• DATA EXTRACT:
BEGIN

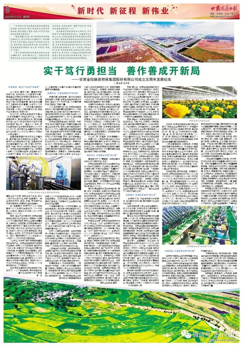 風(fēng)雨兼程里銘刻奮發(fā)向上的印記,守正創(chuàng)新中開啟奮楫揚帆的遠征。自2018年5月成立以來,甘肅金控融資擔(dān)保集團股份有限公司深入貫徹落實國家和省委省政府政策要求,按照甘肅金融控股集團有限公司工作部署,充分發(fā)揮政府性融資擔(dān)保作用,積極健全政府性融資擔(dān)保體系,進一步拓寬小微企業(yè)和“三農(nóng)”主體融資渠道,服務(wù)全省重大戰(zhàn)略、重要產(chǎn)業(yè)、重點項目,以覆蓋全省的融資擔(dān)保服務(wù)匯聚起惠企強農(nóng)的磅礴力量,走出了一條具有甘肅特色的政府性融資擔(dān)保路徑。
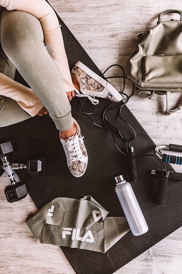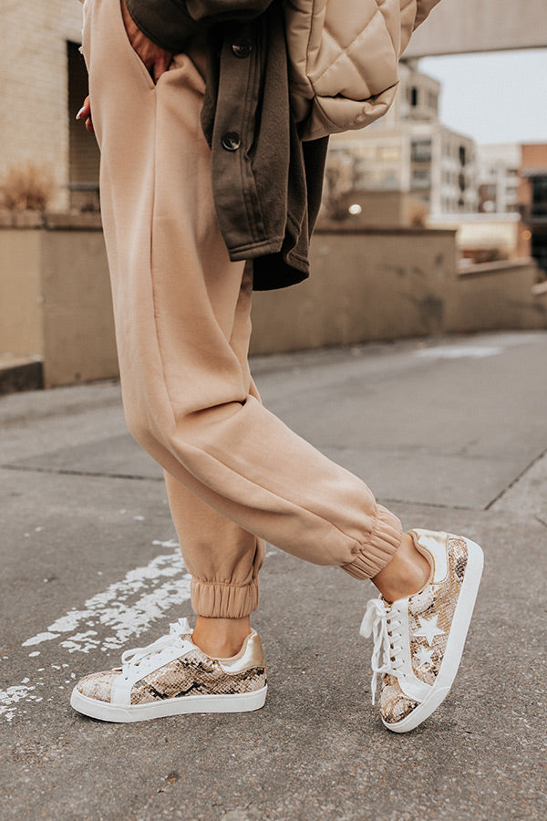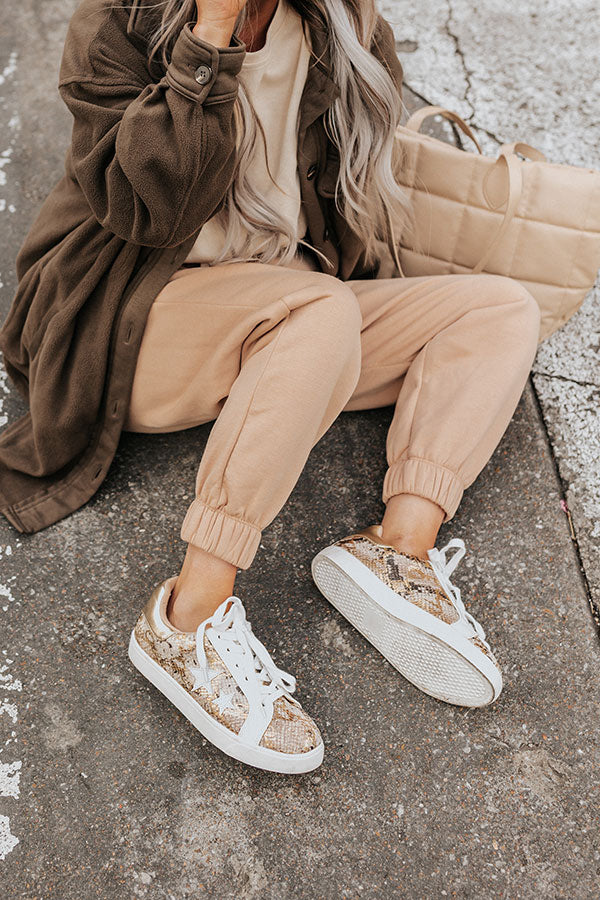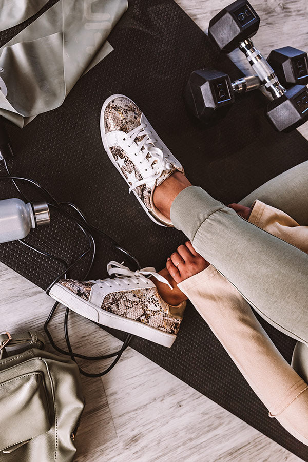 Run wild in our trendy "Wade" sneaker patterned with a gold/neutral and black snake print, accent stars on the side, rounded closed toes, flat white soles, and a lightweight lace up silhouette! This sneaker runs more true to size.
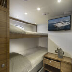 The four-stateroom, three-head layout includes a queen berth forward in the VIP, side-by-side berths in the port stateroom, and upper-lower berths to starboard—meaning she can accommodate a whole family, and then some.
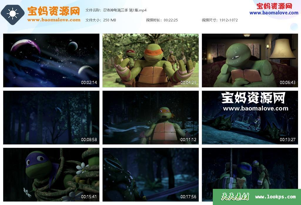 天天资源网收录的动画片《忍者龟》Teenage Mutant Ninja Turtles中文版 第三季,全部26集,国语发音,无字幕;每集大小约260M,资源总大小6.71G,单集播放时长约22分钟,1080P高清MP4格式,可以在电视机或电脑、平板、IPAD、早教机、手机等各种设备播放,提供百度云网盘下载。

END

• WORK REQUIRED:
Using the data above, write out every line exactly, leaving the images behind.

• ANSWER FOR THIS EXERCISE:
 風(fēng)雨兼程里銘刻奮發(fā)向上的印記,守正創(chuàng)新中開啟奮楫揚帆的遠征。自2018年5月成立以來,甘肅金控融資擔(dān)保集團股份有限公司深入貫徹落實國家和省委省政府政策要求,按照甘肅金融控股集團有限公司工作部署,充分發(fā)揮政府性融資擔(dān)保作用,積極健全政府性融資擔(dān)保體系,進一步拓寬小微企業(yè)和“三農(nóng)”主體融資渠道,服務(wù)全省重大戰(zhàn)略、重要產(chǎn)業(yè)、重點項目,以覆蓋全省的融資擔(dān)保服務(wù)匯聚起惠企強農(nóng)的磅礴力量,走出了一條具有甘肅特色的政府性融資擔(dān)保路徑。
 Run wild in our trendy "Wade" sneaker patterned with a gold/neutral and black snake print, accent stars on the side, rounded closed toes, flat white soles, and a lightweight lace up silhouette! This sneaker runs more true to size.
 The four-stateroom, three-head layout includes a queen berth forward in the VIP, side-by-side berths in the port stateroom, and upper-lower berths to starboard—meaning she can accommodate a whole family, and then some.
 天天资源网收录的动画片《忍者龟》Teenage Mutant Ninja Turtles中文版 第三季,全部26集,国语发音,无字幕;每集大小约260M,资源总大小6.71G,单集播放时长约22分钟,1080P高清MP4格式,可以在电视机或电脑、平板、IPAD、早教机、手机等各种设备播放,提供百度云网盘下载。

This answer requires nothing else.